また、麻雀漫画に大切なことは3つの「はったり」であり、それは「セリフのはったり」「顔のはったり」であると書かれています。あとのひとつは忘れました。顔のはったりが大切であるというのは核心を突いていると思います。ほとんど上半身のみ、しかも着席しているので手元と表情以外は全く動きなしという超制限された状況の中、どれだけ差別化が図れるか…、これはとても重要な問題です。相当の画力と演出力がないと話になりません。麻雀漫画は究極の顔漫画だということです。はったりをさらに利かせるためには、能條や嶺岸のようにヤクザ顔をやたらうまく描けることも重要となります。能條的にはティアドロップ型のグラサン、嶺岸的には金ネックレスがマストアイテムです。うら若き男子があんなに胸元全開なのは風紀的によろしくありませんが、麻雀漫画的にはむしろ推奨されるべきことなのであります。


この本は一応漫画の教本なので、作例(『哭きの竜』のパロディ)が載っています。なんかテラバイトみたいに、ほんとに山形に山を積んでいた竜もどきのアガリ役はリーチ一発ドラ3ポンハネマン(細かいところは忘れたが概ねこんなかんじ)。…この申告について深く考えてみましょう。この作例は『哭きの竜』に横たわるひとつの謎を解いてくれます。
それは「ポン」は実は役であるということ。
なるほど…、「ポン」がそれだけで役であるとすれば…哭けば哭くほど点数が上がるというのも…うなずけることなのだ…。つまり3副露すれば…それだけでそこにはもう3翻あるのだ。
『哲也 雀聖と呼ばれた男』が連載されていた当時、副露しているのになんでリーチしてんだという点が痛烈に批判されたと聞くが、ポンやチーは面前手を崩しているのではなくああいう役だと思えばリーチしているのもうなずけることなのだ。

(うなずけない)

なんにせよ、麻雀漫画家を目指す人必読の書ですね。麻雀漫画の描き方について取り沙汰している本などそうそうないと思います。1冊¥1,600で上下巻ありますが、麻雀漫画の描き方が載っているのは上巻です。少々お高いですが自己投資だと思って買ってください。

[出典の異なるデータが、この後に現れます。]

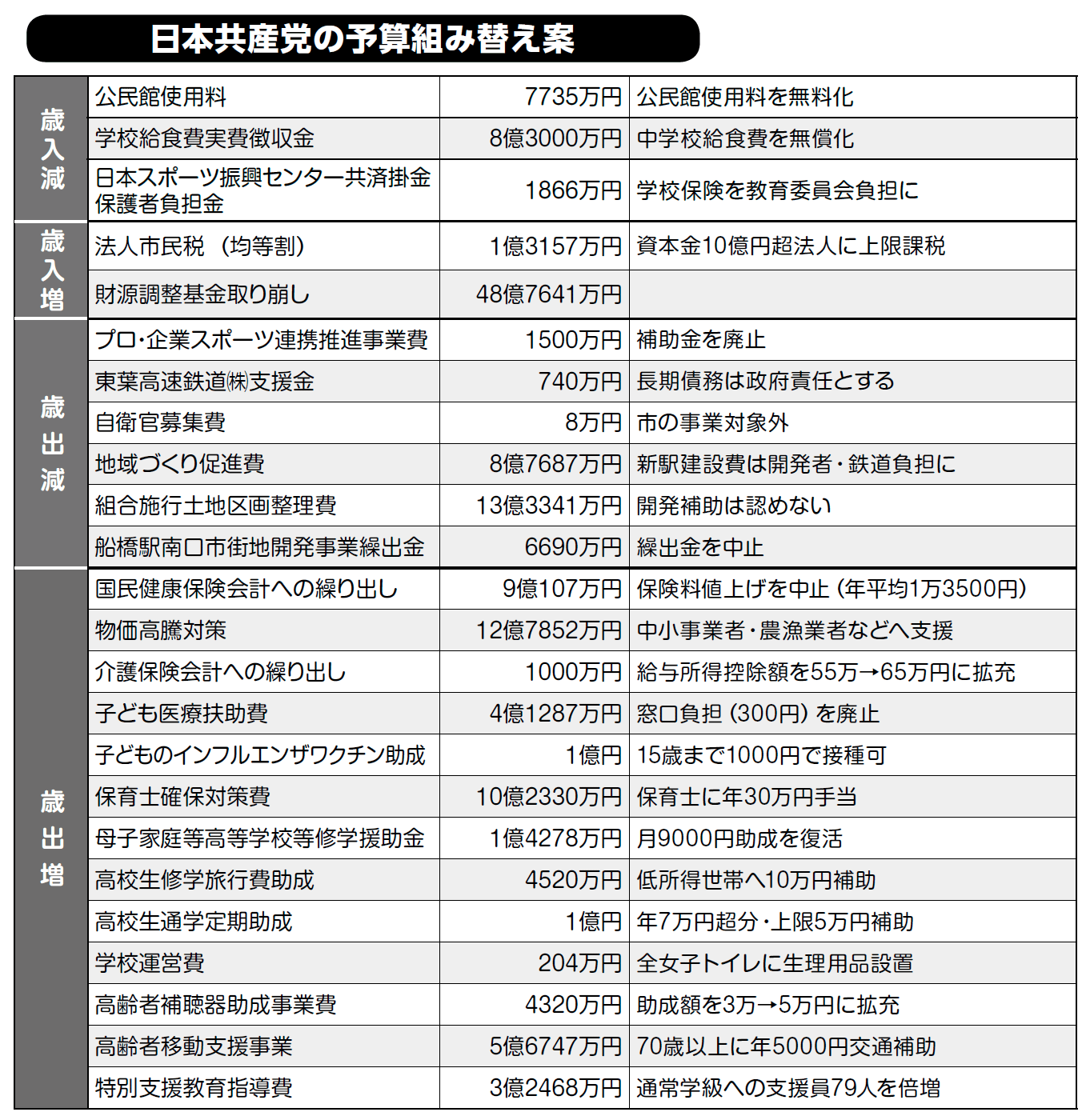 共産党は3月18日、一般会計予算の組み換え動議を提出し、要求実現の必要額を議会で明らかにしました(左表参照)。採決で組み換え動議に賛成したのは共産党のみであり、否決されましたが、実現に向けて引き続きがんばります。

読んだら後で私に貸してください。



麻雀漫画家を目指すあなたに…┃神保町で麻雀漫画が揃っている書店

  • 書泉ブックタワー…かなり品揃えがよい。特に片山まさゆき関連。『ノーマーク爆牌党』も全巻揃っている。但し、かなり高い棚に置かれているので手に取りづらく、それを一生懸命取ろうと脚立の上でぴょこぴょこしている自分が恥ずかしくなる。
  • 高岡書店…やたらある。『打天使』『ショーイチ』など少し昔のものも全巻揃えであったりする。但し、『リスキーエッジ』『運王』がなかったり『オカルティ』や『スーパーヅガン』に欠巻があるのは、私が買ったせい。つまり、この店の麻雀漫画は私が買うことによって少しずつ減っていっている。再入荷は基本的にないと思われる。また、この店のすばらしいところは、本に封がしていないので立ち読みができるということ。但し、麻雀漫画が置かれているのは成人向けフロアのレジの前。他の客にハタ迷惑なこと限り無し。でも、ここで立ち読みしていると、成人向け漫画を57,000円分現金払いで買ってゆく人など、様々な人間模様を見る事もできる。成人向けフロア(2F)は夕方以降しか営業していないことが多いので注意。

*1:というか、テーブルゲーム漫画の中で麻雀漫画だけが異様に発展しているのか?囲碁とか将棋の漫画にも名作はあるけれど、麻雀漫画ほど発展していませんよね。欧米にはチェス漫画とかあるのかしら?